Immediately after the imaging sessions, pancreata were snap-frozen in liquid nitrogen and cut into serial sections. Islets were first identified using hematoxylin and eosin (H&E) staining. One section adjacent to the H&E-stained section was processed with TUNEL (Apoptag apoptosis detection kit; Chemicon International, Temecula, CA). The other section adjacent to the H&E-stained section was used for identification of annexin V Cy5.5 accumulation. Both sections were counterstained with the nuclear stain DAPI. Sections were then subjected to correlative fluorescence microscopy in the FITC (TUNEL staining) channel for apoptosis assessment and the Cy5.5 (annexin V Cy5.5 staining) channel for probe localization using a Nikon Eclipse 50i fluorescence microscope equipped with an appropriate filter set (Chroma Technology, Rockingham, VT). Images were acquired using a charged-coupled device camera with near-infrared sensitivity (SPOT 7.4 Slider RTKE; Diagnostic Instruments, Sterling Heights, MI) and analyzed using SPOT 4.0 advanced version software (Diagnostic Instruments, Sterling Heights, MI). Statistical analysis of apoptotic rates was based on a total of 1,000 cells. Results were analyzed by Student’s t test and represented as means ± SE.
RESULTS
We tested the capacity of a Cy5.5-conjugated annexin V probe to detect apoptotic -cells in the pancreata of diabetic mice. We used four different mouse models: the MLDS model of type 1 diabetes, characterized by -cell apoptosis; the SHDS model, associated with high levels of cell death (4); the NOD mouse model, in which symptoms develop in an age-dependent manner; and the BKS. Cg-m+/+Leprdb/J (db/db) model of type 2 diabetes, distinguished by loss of pancreatic -cells.
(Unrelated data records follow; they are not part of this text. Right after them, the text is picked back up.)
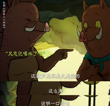而這一處是在call back短片《小妖怪夏天》裏,小野豬為了湊夠一千斤柴火,在山裏打劫砍柴人。
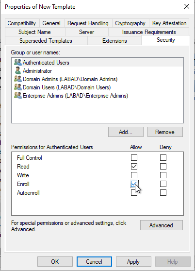 - The ADCS service gives the right to enroll a user without privilege (“user authenticated” for example).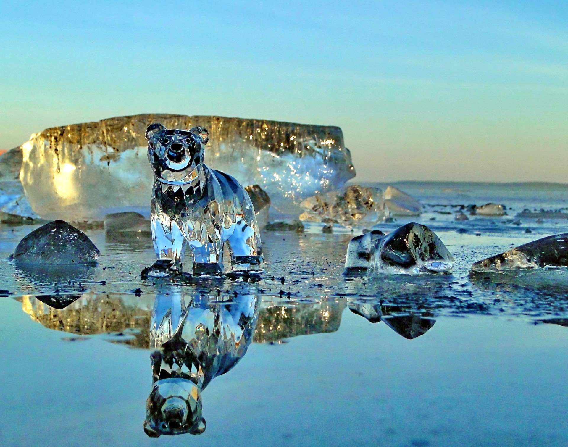 Oso de cristal en un lago cubierto de hielo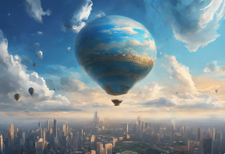 Giant hot air balloon, reflecting a cityscape, majestically floats above a sprawling futuristic metropolis under a cloudy sky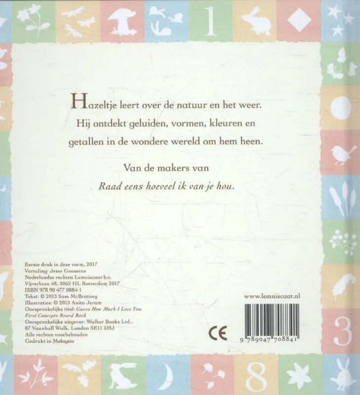 In het kartonboek ‘Kijk eens wat ik kan!’ ontdekt je dreumes samen met Hazeltje kleuren, vormen, getallen en geluiden. Hij leert de seizoenen kennen en verwondert zich over kleine beestjes. ‘Kijk eens wat ik kan!’ is het onmisbare boek om jouw kind de wondere wereld waarin hij geboren is te laten ontdekken.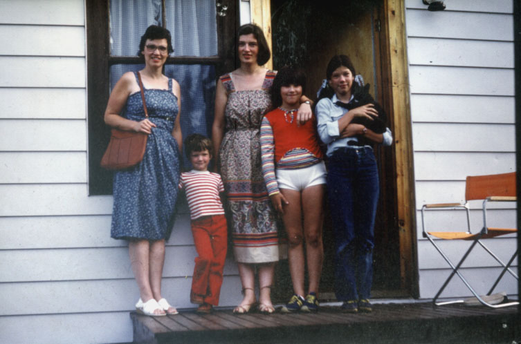 • This is the door to this same house, in 1979, before I painted it red, and about a year after I bought the house. My brother-in-law Arnold took this photo of me with my sister June and her three children, Angie, Margie, and John. They drove all the way from Petawawa, Ontario and walked through my door at a time in my life when I needed some loving kindness. I was alone in this then ramshackle house; my short-lived marriage had just broken up; I was less than a year into a complex and highly responsible management job at StFX, having taken on the role of Manager of Residences and Food Services, the only woman on an all-male management team. June walked through the door and knew instinctively how to cheer me up. A new outfit!! June has all the sewing genes in our family. We chose fabric and she made the dress I am wearing, as I recall, without a pattern. I had a sewing machine that our mother gave me as a graduation present for my B.A. from Queens, in hope that I too would learn to sew. Didn’t happen. And oh yes, June made blue gingham curtains for my most of the exposed windows in my new home. The only curtain that I had come up with on my own was in the form of a a very large nightie trimmed with Battenburg lace, which belonged to one of my ample aunts on my mother’s side. That dress I am wearing in the doorway, I wore for years, until it was just too faded. But the memory and my gratitude for my family walking through that door, is still fresh. BTB, those three beautiful children on the doorstep are now grown up with children of their own.

MLDS and SHDS models of type 1 diabetes.
The specificity of annexin V Cy5.5 for apoptotic -cells was evaluated by flow cytometry of dispersed islet cells with dual channels for annexin V Cy5.5 (FL4) and anti-insulin FITC (FL1). Analysis was performed after gating on cells negative for the vital dye 7-AAD. As expected, a small fraction of cells derived from age-matched untreated BALB/c mice stained for annexin V. In agreement with previous reports, the level of apoptosis in islet cells from MLDS-treated mice was more than twofold higher than controls (41,42), and cell death in isolated islet cells from SHDS-treated mice approached 40% compared with 0.75% in controls (4) (Fig. 1A). It is important to note that the apoptotic rates reported by this method may be skewed because of the severe impairment of islet yield as a result of diabetes induction. This is particularly true for the SHDS model, in which our analysis was based on a comparatively low number of cells.
The differential staining was confirmed by fluorescence imaging of STZ-treated versus nontreated isolated intact islets (Fig. 1B). Nontreated islets produced no signal in the Cy5.5 channel with a few signal-positive foci in islets from MLDS-treated mice. A larger fraction of islets from SHDS-treated mice stained for annexin V.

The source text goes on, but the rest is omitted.